I can't just memcache the whole thing since everyone will have different feeds, even if the feeds for user1 and user2 would be common to many viewers. According to the documentation:

...the IN operator executes a separate underlying datastore query for every item in the list. The entities returned are a result of开发者_JAVA百科 the cross-product of all the underlying datastore queries and are de-duplicated. A maximum of 30 datastore queries are allowed for any single GQL query.
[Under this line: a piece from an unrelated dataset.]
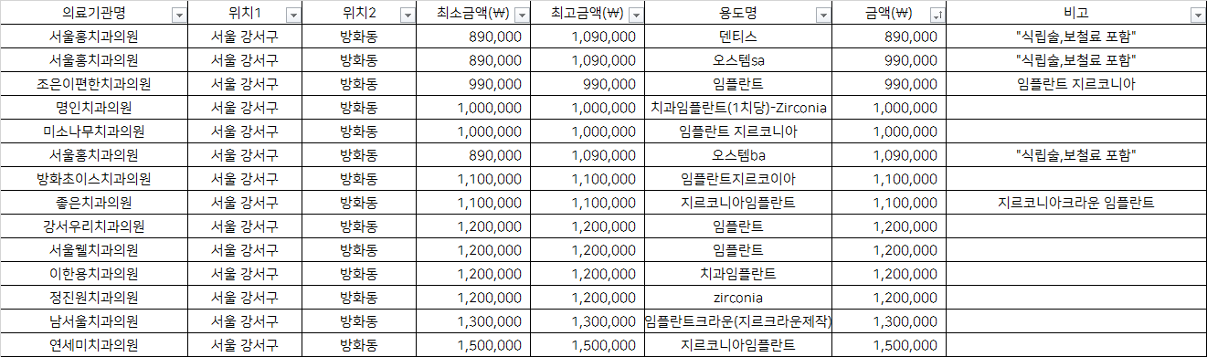 서울홍치과의원 오스템ba           1,090,000 "식립술,보철료 포함"

Is there a library function to merge some sorted and cached queries, or am I going to have to:

for user in user_list
  if memcached(user):
    add it to the results
  else:
    add Comment.gql("WHERE username = :1",user) to the results 
    cache it too
sort the results

(In the worst case (nothing is cached) I expect sending 30 GQL queries off is slower than one giant IN query.)


There's nothing built-in to do this, but you can do it yourself, with one caveat: If you do an in query and return 30 results, these will be the 30 records that sort lowest according to your sort criteria across all the subqueries. If you want to assemble the resultset from cached individual queries, though, either you are going to have to cache as many results for each user as the total result set (eg, 30), and throw away most of those results, or you're going to have to store fewer results per user, and accept that sometimes you'll throw away newer results from one user in favor of older results from another.
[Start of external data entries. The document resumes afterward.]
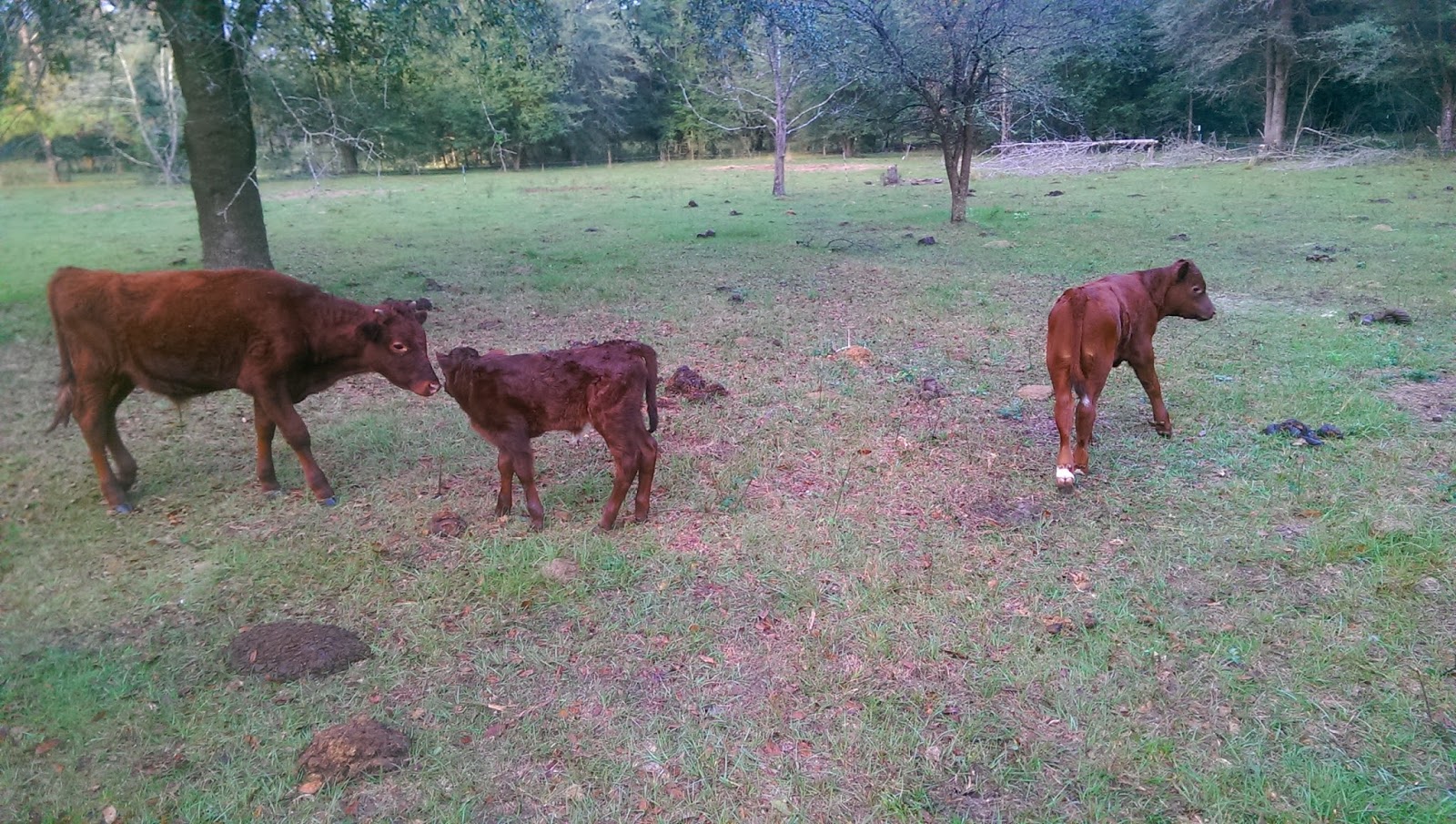 It was decided that she should be named Holly. And that gave us an idea of what to name Chestnut’s baby….no one could agree. Ethan wanted to call it “Spats” for some reason. Rose wanted it to be called “Proudfoot” after a character in a book. But I pointed out we should call him Mistletoe – whatever made him his lovely ruddy brown color “missed” his one white toe. It even has a pun in it, for Ethan’s sake. Mistletoe was so happy to have another calf to play with. He’s been trying to play with Sappho, Ninja, Lichen and the other calves from last year, but they are too grown-up now and aren’t very interested.
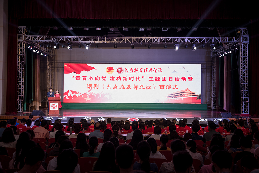 为深入贯彻落实全国全省教育大会精神和高校思想政治工作会议精神,充分发挥校园文化建设在大学生思想政治教育中的重要作用,5月30日下午,完美官网在英才校区大礼堂举行“青春心向党 建功新时代”主题团日活动暨话剧《青春在西部放歌》首演式。副校长陈艳、杨志清,省文化和旅游厅公共服务处处长杨文波,团省委社会联络部部长李山英,中国青年报河南记者站站长潘志贤,省文化馆志愿者工作站站长李道畅,省公益无限艺术团团长王继英等领导嘉宾出席活动,并与现场1200余名师生一起观看了演出。
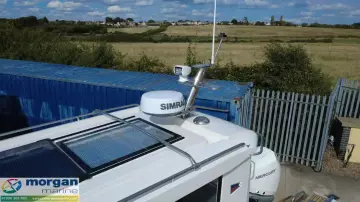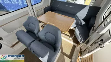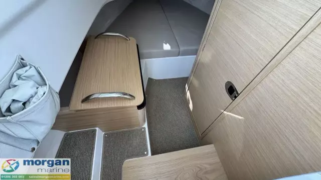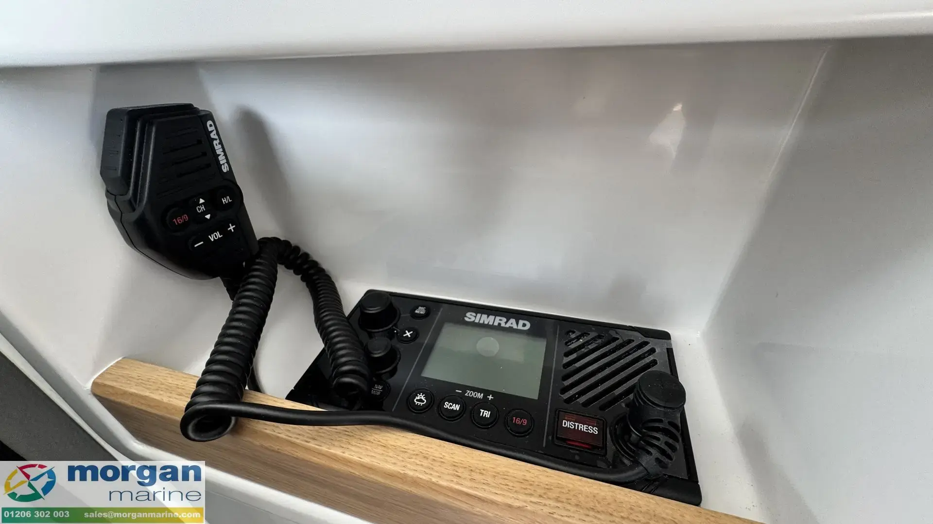 At the helm, 2x Simrad NSX 12” plotters deliver crystal-clear navigation, supported by a Simrad xSonic sonar – Bronze HDI XDCR, Hybrid Dual Imaging thru-hull transducer for accurate depth and seabed readings. The electronics suite includes a Simrad autopilot with OP12 controller, HALO20+ radar, and Precision 9 compass for radar overlay/autopilot. A Simrad RS40 VHF with AIS receiver and antenna is also included. The hifi package features a Clarion CMM30 stereo and 2x CMS651 speakers in the cockpit. The helm layout is clean and ergonomic, providing essential information and controls at your fingertips. Onboard power and electronics are supported by the engine system and include the full Simrad suite for navigation, sonar, and communication. Additional features include an Isotherm 15L hot water system, Chargemaster shore power 12/25a, 25m cable, 2x 230v outlets, 2x underwater lights (blue), a search light on a stainless steel mast with joystick, a wireless charging nest for phones, and a remote control for the bow thruster and windlass.

That said, here's how you can do this:

  1. Do a memcache.get_multi to retrieve cached result sets for all the users
  2. For each user that doesn't have a result set cached, execute the individual query, fetching the most results you need. Use memcache.set_multi to cache the result sets.
  3. Do a merge-join on all the result sets and take the top n results as your final result set. Because username is presumably not a list field (eg, every comment has a single author), you don't need to worry about duplicates.

Currently, in queries are executed serially, so this approach won't be any slower than executing an in query, even when none of the results are cached. This may change in future, though. If you want to improve performance now, you'll probably want to use Guido's NDB project, which will allow you to execute all the subqueries in parallel.


You can use memcache.get_multi() to see which of the user's feeds are already in memcache. Then use a set().difference() on the original user list vs. the user list found in memcache to find out which weren't retrieved. Then finally fetch the missing user feeds from the datastore in a batch get.

From there you can combine the two lists and, if it isn't too long, sort it in memory. If you're working on something Ajaxy, you could hand off sorting to the client.